While one is modelling natural processes, both state variables and time series data are needed. This study is focused on solving a situation when no appropriate time series is available; more specifically, when the past measurement of soil moisture at the required frequency (a daily step) is not available. Only measurements which were accomplished with a larger gap between each other are at the researcher’s disposal.
Infilling missing data has traditionally been done using different statistical methods, although various problems with their application are known. E.g., Dumedah et al. [6] examines 5 statistical methods and 9 artificial neural networks to assess their suitability to infill missing soil moisture data. In particular, multiple regression has problems of multicollinearity, heteroscedasticity, and data normality assumptions [7]. In most meteorological time series, nonlinearity is another problem that may hamper time series analysis using linear methods. In particular, soil moisture data suffer from nonlinearity in addition to the problem of missing values. Dumedah and Coulibaly [8] evaluated statistical infilling methods for soil moisture and found that even simple methods such as monthly average replacement and rank stability methods outperformed regression-based techniques. For this reason, many of the techniques presented in this paper will focus on infilling data on the basis of time series methods; we would especially like to show the benefits of multivariate machine learning techniques, because they can better account for the stochastic components [9], higher order interactions, and hysteresis in the data [10].
The novelty of this paper consists in the application of prediction tools for interpolation tasks. Various methods used for infilling missing data could be applied [11]. There are various types of models for hydrological predictions: physically-based, conceptual and data-driven models are among the most well-known. While physically- based models mainly depend on our knowledge of physical laws, data-driven models extract knowledge only from the monitored data describing the inputs and outputs of the process modelled, i.e., they are better suited for solving a problem. Artificial Neural Networks (ANN) [8] and other data-driven models such as RF [12], Support Vector Machines [13], etc., can, under certain conditions, enter into gaps of a mathematical description and replace them with the knowledge stored in the data. Their usage is based on the principle that from the known inputs and outputs (e.g., measured), they learn how to generate the correct output from the input [14]. Then in the application phase, the unknown outputs can be generated from the known inputs. The advantages of ANN and RF data-driven models are their ability to learn from the model and generalize knowledge from them, often without a detailed knowledge of the various state variables of the process. That makes them a suitable alternative tool to address complex processes.
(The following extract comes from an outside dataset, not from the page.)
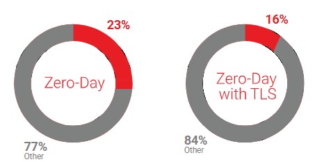 Un altro fronte critico è la modalità in cui viaggiano le minacce, che fa sempre più uso della crittografia: nel secondo semestre 2025 il 96% del malware bloccato è transitato su canali TLS. Questo significa che le aziende che non implementano ispezione HTTPS sistematica rinunciano quasi del tutto alla visibilità sul traffico ostile che attraversa firewall e proxy, con un effetto diretto sulla capacità di rilevare rapidamente infezioni e movimenti laterali. Il report suggerisce implicitamente che non è più sostenibile una distinzione tra il blocco delle minacce per categoria e l’analisi profonda del traffico cifrato: senza decifratura controllata e re‑inspection, la superficie d’ingresso resta di fatto aperta.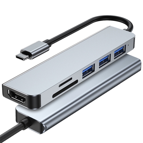 ฮับยูเอสบี6พอร์ตทำจากอลูมิเนียมอัลลอยด์6อิน1 3.0อะแดปเตอร์ Type C 3.0 USB HUB แบบมัลติฟังก์ชั่น6 in 1 USB C HUB

The work submitted compares soil water content models based on a data-driven methodology with the aim of accomplishing an interpolation task and obtaining a time series of soil moisture with a daily time step. The particular focus of this paper is the use of the alternative data-driven method RF, which was firstly used as a classifier. It’s functionality was then extended to regression, which makes it suitable for a soil moisture interpolation task. In the following part of the paper “Methods”, the methods of the specific machine learning algorithms involved in this study are briefly explained. Then in the “Case study description” the data acquisition and preparation is presented. In the “Results” part, the settings of the experimental computations are described and the results evaluated. Finally, the “Conclusion” part of the paper summarizes the main achievements and conclusions of the work and proposes ideas for future work in this area.
From a methodology point of view, the novelty of this paper consists in the application of a regression type of data-driven algorithm to an interpolation task. As can be seen hereinafter, this is somewhat similar to commonly used applications of these algorithms to make predictions. A brief introduction of the methods which were used now follows.
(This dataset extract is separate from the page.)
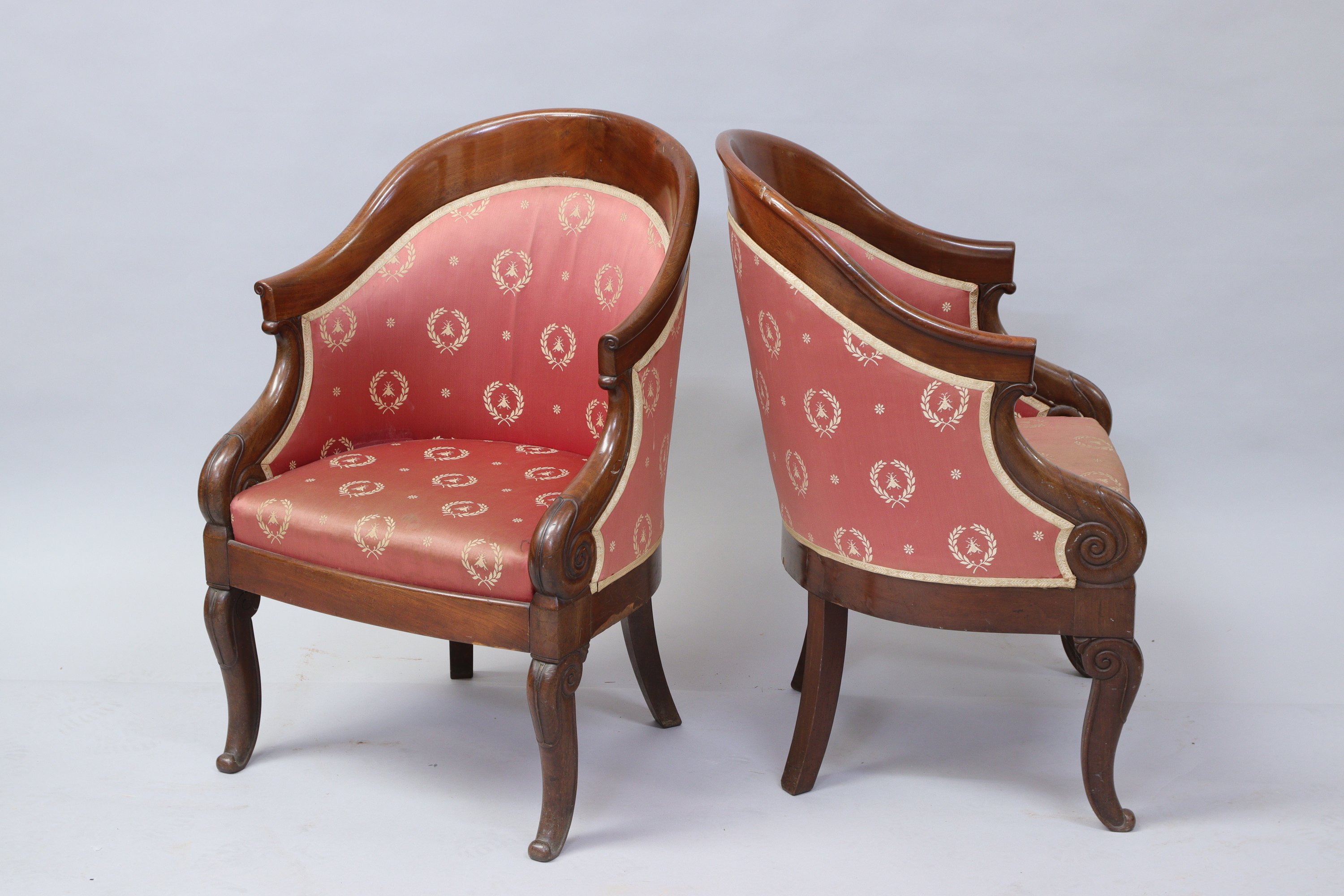 en acajou et placage d'acajou. Ils reposent sur quatre pieds, les antérieurs en jarret, les postérieurs en sabre. Garniture de soie à fond rose à décor de semis d'abeilles dans des couronnes de branches de laurier.

RF is a fully non-parametric data mining method requiring no distributional assumptions of the covariate relation to the response. This methodology was already successfully tested in soil mapping, e.g. [15]. RF are robust and optimize predictive accuracy by fitting an ensemble of trees to stabilize model estimates. RF consists of a set of regression trees (if we are addressing a regression problem as in this work). The resulting RF prediction is an average of the values of these many tree outputs, each one of which is grown on a bootstrap sample of the training data. The user chooses the number of trees that will be in the RF ensemble. A bootstrap sample means that each tree is trained using a sample obtained by randomly drawing N cases with replacements from the original dataset, where N is the number of variables in that dataset. With each of these bootstrapped training sets, a different tree is obtained. For the regression, the values predicted by each tree are averaged to obtain the RF prediction. More details and more mathematically founded explanations can be found in [12]; the modeller or user of the RF job is more focused on setting the proper parameters of this algorithm, e.g., the optimisation of the model.
RF has three tuneable parameters:
Ntree - the number of trees to grow;
Mtry - the number of variables randomly sampled as candidates at each tree split;
Nodesize - the minimum size of the terminal nodes, which has the main effect on the final precision of the model.
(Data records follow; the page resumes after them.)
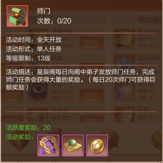 忙碌的做完师门任务之后,可以选择参加龙渊初考,周一至周五的每天中午12点至24点,都可在在活动界面进入龙渊初考参加答题活动,每次答题都会提供大量的经验。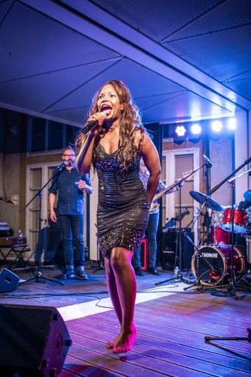 Poté, co si vystojím čtvrthodinovou frontu na pivo, konečně můžu usednout na obrubník, zahnat žízeň a zaposlouchat se do buskerského tria akordeonistů. Pak pokračuju na nádvoří Staré radnice, kde se o pohodu postaral SwingHouse Orchestra. Sedí se v plážových lehátkách, na schodech, kašně i v křesílkách a před pódiem se tančí. Malí i velcí. Hubení i korpulentní. Klidně holka s holkou. Všichni si to užívají, když se z pódia ozve „Následující skladba by se dala přeložit jako Jebni to tam!“ Zůstala bych tu do konce večera, ale nechci si nechat ujít americkou bluesovou divu Juwanu Jenkins, která koncertuje na nádvoří Místodržitelského paláce. Energická žena s vlasy po pás si zuje lodičky už při první písničce, kdy roztleská publikum. Dojetí z prvního možného koncertu po covidové nucené pauze nedokázala skrýt a prožívám to s ní.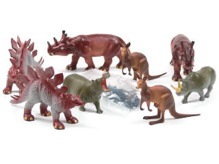 comprend : kangourous (2 exemplaires), hippopotame, uintathérium (2 exemplaires), rhinocèros laineux & stégosaure (2 exemplaires) - on y joint 11 pompiers (petite échelle)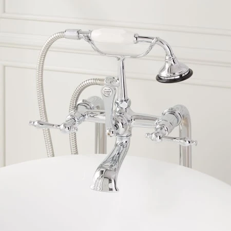 - Bridge widespread floor mounted installation – 2 hole faucet with 7″ faucet centers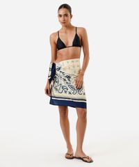 Canga feminina confeccionada em tecido com toque fluido e leve. O modelo possui formato quadrado com medida 138cm x 138cm, estampa de arabescos em cor contrastante e acabamento pespontado. Composição: 92% poliéster e 8% elastano. Instruções de lavagem: - Lavagem manual - Proibido o alvejamento - Não secar em tambor - Secagem em varal na horizontal - Passar à temperatura baixa - Limpeza com tetracloroetileno e solventes do símbolo F, processo suave

Two concepts are applied in this work as the means used for optimally setting these parameters: grid search and repeated cross-validation. These two concepts run together, but for the sake of a simpler explanation, they are separately described in the next two paragraphs.
The grid search is designed in the optimization process to choose the values for each parameter of the model from a grid of predefined values. The grid search involves running the model with the parameters actually chosen in the current iteration, in which the model tries to learn the dependencies between the inputs and outputs. The evaluation of the results is accomplished with a statistical coefficient (Root Mean Square Error (RMSE) was used in this study). Then the best combination of the parameters is finally chosen from that iteration in which the highest degree of precision of the model was achieved.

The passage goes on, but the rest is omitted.